#### The problem
Set the whole listing down again exactly as written.

============================================================

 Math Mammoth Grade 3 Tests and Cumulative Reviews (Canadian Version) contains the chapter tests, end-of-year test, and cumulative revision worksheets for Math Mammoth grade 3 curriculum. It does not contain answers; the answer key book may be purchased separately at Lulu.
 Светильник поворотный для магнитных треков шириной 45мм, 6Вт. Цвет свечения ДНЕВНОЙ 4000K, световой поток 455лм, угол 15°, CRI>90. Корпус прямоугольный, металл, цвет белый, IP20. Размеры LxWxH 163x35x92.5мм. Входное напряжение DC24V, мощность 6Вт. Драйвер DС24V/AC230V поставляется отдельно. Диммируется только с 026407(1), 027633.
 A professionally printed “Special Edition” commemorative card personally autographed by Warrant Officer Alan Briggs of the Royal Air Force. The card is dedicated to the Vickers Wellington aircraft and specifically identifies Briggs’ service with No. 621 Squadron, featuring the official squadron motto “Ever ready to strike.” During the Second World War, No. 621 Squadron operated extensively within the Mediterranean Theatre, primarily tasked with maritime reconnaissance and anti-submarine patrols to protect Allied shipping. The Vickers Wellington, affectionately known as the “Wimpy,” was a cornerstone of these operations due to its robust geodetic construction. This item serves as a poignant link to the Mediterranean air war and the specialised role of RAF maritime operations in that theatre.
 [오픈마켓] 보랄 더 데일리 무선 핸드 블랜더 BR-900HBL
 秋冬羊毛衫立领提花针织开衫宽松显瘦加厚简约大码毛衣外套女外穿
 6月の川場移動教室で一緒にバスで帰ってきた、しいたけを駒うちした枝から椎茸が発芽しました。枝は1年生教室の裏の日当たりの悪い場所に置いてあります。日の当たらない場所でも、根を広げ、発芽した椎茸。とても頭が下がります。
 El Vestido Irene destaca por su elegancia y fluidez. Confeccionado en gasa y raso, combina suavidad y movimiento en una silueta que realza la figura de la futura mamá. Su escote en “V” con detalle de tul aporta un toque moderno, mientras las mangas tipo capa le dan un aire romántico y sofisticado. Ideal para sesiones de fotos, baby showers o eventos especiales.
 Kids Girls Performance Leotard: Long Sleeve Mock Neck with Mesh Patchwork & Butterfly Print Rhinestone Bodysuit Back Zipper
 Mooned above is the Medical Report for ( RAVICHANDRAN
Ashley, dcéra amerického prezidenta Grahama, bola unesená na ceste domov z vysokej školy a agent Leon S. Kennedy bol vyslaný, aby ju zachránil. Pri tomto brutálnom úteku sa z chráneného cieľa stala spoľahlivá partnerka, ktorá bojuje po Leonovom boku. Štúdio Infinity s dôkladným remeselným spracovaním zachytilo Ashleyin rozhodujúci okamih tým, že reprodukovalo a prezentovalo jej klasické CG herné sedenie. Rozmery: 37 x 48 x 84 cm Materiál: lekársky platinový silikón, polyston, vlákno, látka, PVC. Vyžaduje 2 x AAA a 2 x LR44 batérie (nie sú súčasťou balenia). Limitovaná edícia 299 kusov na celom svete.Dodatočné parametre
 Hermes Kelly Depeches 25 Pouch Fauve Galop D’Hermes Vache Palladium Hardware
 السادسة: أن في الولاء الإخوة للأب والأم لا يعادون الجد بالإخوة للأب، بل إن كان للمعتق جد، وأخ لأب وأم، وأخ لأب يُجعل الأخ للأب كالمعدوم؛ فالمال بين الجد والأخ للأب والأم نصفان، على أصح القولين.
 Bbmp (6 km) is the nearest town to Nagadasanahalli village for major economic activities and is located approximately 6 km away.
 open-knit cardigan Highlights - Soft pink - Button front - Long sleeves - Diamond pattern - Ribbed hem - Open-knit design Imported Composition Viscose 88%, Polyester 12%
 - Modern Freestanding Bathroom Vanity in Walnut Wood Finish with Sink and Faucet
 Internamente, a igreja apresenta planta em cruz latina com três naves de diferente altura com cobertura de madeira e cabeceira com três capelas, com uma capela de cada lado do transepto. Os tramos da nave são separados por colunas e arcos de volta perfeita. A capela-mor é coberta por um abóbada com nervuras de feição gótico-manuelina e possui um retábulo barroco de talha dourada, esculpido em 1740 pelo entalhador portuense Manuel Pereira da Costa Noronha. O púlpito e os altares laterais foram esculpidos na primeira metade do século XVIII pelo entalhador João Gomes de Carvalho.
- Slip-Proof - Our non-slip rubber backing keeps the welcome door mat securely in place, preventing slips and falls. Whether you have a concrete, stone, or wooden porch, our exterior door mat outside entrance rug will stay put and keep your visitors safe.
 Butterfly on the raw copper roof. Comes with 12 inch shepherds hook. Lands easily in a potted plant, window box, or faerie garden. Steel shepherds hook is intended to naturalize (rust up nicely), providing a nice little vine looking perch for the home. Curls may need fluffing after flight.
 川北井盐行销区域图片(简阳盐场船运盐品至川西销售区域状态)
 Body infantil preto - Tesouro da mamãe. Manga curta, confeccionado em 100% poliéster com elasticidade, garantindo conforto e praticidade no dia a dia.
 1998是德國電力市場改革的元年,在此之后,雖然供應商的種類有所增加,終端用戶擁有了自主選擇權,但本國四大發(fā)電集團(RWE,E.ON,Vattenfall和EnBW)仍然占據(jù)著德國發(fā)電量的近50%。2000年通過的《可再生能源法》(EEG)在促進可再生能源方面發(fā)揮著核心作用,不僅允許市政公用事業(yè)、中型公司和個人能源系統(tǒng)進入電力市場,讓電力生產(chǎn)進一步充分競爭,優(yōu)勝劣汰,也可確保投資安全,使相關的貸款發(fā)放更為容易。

============================================================

#### Result of the exercise
 Math Mammoth Grade 3 Tests and Cumulative Reviews (Canadian Version) contains the chapter tests, end-of-year test, and cumulative revision worksheets for Math Mammoth grade 3 curriculum. It does not contain answers; the answer key book may be purchased separately at Lulu.
 Светильник поворотный для магнитных треков шириной 45мм, 6Вт. Цвет свечения ДНЕВНОЙ 4000K, световой поток 455лм, угол 15°, CRI>90. Корпус прямоугольный, металл, цвет белый, IP20. Размеры LxWxH 163x35x92.5мм. Входное напряжение DC24V, мощность 6Вт. Драйвер DС24V/AC230V поставляется отдельно. Диммируется только с 026407(1), 027633.
 A professionally printed “Special Edition” commemorative card personally autographed by Warrant Officer Alan Briggs of the Royal Air Force. The card is dedicated to the Vickers Wellington aircraft and specifically identifies Briggs’ service with No. 621 Squadron, featuring the official squadron motto “Ever ready to strike.” During the Second World War, No. 621 Squadron operated extensively within the Mediterranean Theatre, primarily tasked with maritime reconnaissance and anti-submarine patrols to protect Allied shipping. The Vickers Wellington, affectionately known as the “Wimpy,” was a cornerstone of these operations due to its robust geodetic construction. This item serves as a poignant link to the Mediterranean air war and the specialised role of RAF maritime operations in that theatre.
 [오픈마켓] 보랄 더 데일리 무선 핸드 블랜더 BR-900HBL
 秋冬羊毛衫立领提花针织开衫宽松显瘦加厚简约大码毛衣外套女外穿
 6月の川場移動教室で一緒にバスで帰ってきた、しいたけを駒うちした枝から椎茸が発芽しました。枝は1年生教室の裏の日当たりの悪い場所に置いてあります。日の当たらない場所でも、根を広げ、発芽した椎茸。とても頭が下がります。
 El Vestido Irene destaca por su elegancia y fluidez. Confeccionado en gasa y raso, combina suavidad y movimiento en una silueta que realza la figura de la futura mamá. Su escote en “V” con detalle de tul aporta un toque moderno, mientras las mangas tipo capa le dan un aire romántico y sofisticado. Ideal para sesiones de fotos, baby showers o eventos especiales.
 Kids Girls Performance Leotard: Long Sleeve Mock Neck with Mesh Patchwork & Butterfly Print Rhinestone Bodysuit Back Zipper
 Mooned above is the Medical Report for ( RAVICHANDRAN
Ashley, dcéra amerického prezidenta Grahama, bola unesená na ceste domov z vysokej školy a agent Leon S. Kennedy bol vyslaný, aby ju zachránil. Pri tomto brutálnom úteku sa z chráneného cieľa stala spoľahlivá partnerka, ktorá bojuje po Leonovom boku. Štúdio Infinity s dôkladným remeselným spracovaním zachytilo Ashleyin rozhodujúci okamih tým, že reprodukovalo a prezentovalo jej klasické CG herné sedenie. Rozmery: 37 x 48 x 84 cm Materiál: lekársky platinový silikón, polyston, vlákno, látka, PVC. Vyžaduje 2 x AAA a 2 x LR44 batérie (nie sú súčasťou balenia). Limitovaná edícia 299 kusov na celom svete.Dodatočné parametre
 Hermes Kelly Depeches 25 Pouch Fauve Galop D’Hermes Vache Palladium Hardware
 السادسة: أن في الولاء الإخوة للأب والأم لا يعادون الجد بالإخوة للأب، بل إن كان للمعتق جد، وأخ لأب وأم، وأخ لأب يُجعل الأخ للأب كالمعدوم؛ فالمال بين الجد والأخ للأب والأم نصفان، على أصح القولين.
 Bbmp (6 km) is the nearest town to Nagadasanahalli village for major economic activities and is located approximately 6 km away.
 open-knit cardigan Highlights - Soft pink - Button front - Long sleeves - Diamond pattern - Ribbed hem - Open-knit design Imported Composition Viscose 88%, Polyester 12%
 - Modern Freestanding Bathroom Vanity in Walnut Wood Finish with Sink and Faucet
 Internamente, a igreja apresenta planta em cruz latina com três naves de diferente altura com cobertura de madeira e cabeceira com três capelas, com uma capela de cada lado do transepto. Os tramos da nave são separados por colunas e arcos de volta perfeita. A capela-mor é coberta por um abóbada com nervuras de feição gótico-manuelina e possui um retábulo barroco de talha dourada, esculpido em 1740 pelo entalhador portuense Manuel Pereira da Costa Noronha. O púlpito e os altares laterais foram esculpidos na primeira metade do século XVIII pelo entalhador João Gomes de Carvalho.
- Slip-Proof - Our non-slip rubber backing keeps the welcome door mat securely in place, preventing slips and falls. Whether you have a concrete, stone, or wooden porch, our exterior door mat outside entrance rug will stay put and keep your visitors safe.
 Butterfly on the raw copper roof. Comes with 12 inch shepherds hook. Lands easily in a potted plant, window box, or faerie garden. Steel shepherds hook is intended to naturalize (rust up nicely), providing a nice little vine looking perch for the home. Curls may need fluffing after flight.
 川北井盐行销区域图片(简阳盐场船运盐品至川西销售区域状态)
 Body infantil preto - Tesouro da mamãe. Manga curta, confeccionado em 100% poliéster com elasticidade, garantindo conforto e praticidade no dia a dia.
 1998是德國電力市場改革的元年,在此之后,雖然供應商的種類有所增加,終端用戶擁有了自主選擇權,但本國四大發(fā)電集團(RWE,E.ON,Vattenfall和EnBW)仍然占據(jù)著德國發(fā)電量的近50%。2000年通過的《可再生能源法》(EEG)在促進可再生能源方面發(fā)揮著核心作用,不僅允許市政公用事業(yè)、中型公司和個人能源系統(tǒng)進入電力市場,讓電力生產(chǎn)進一步充分競爭,優(yōu)勝劣汰,也可確保投資安全,使相關的貸款發(fā)放更為容易。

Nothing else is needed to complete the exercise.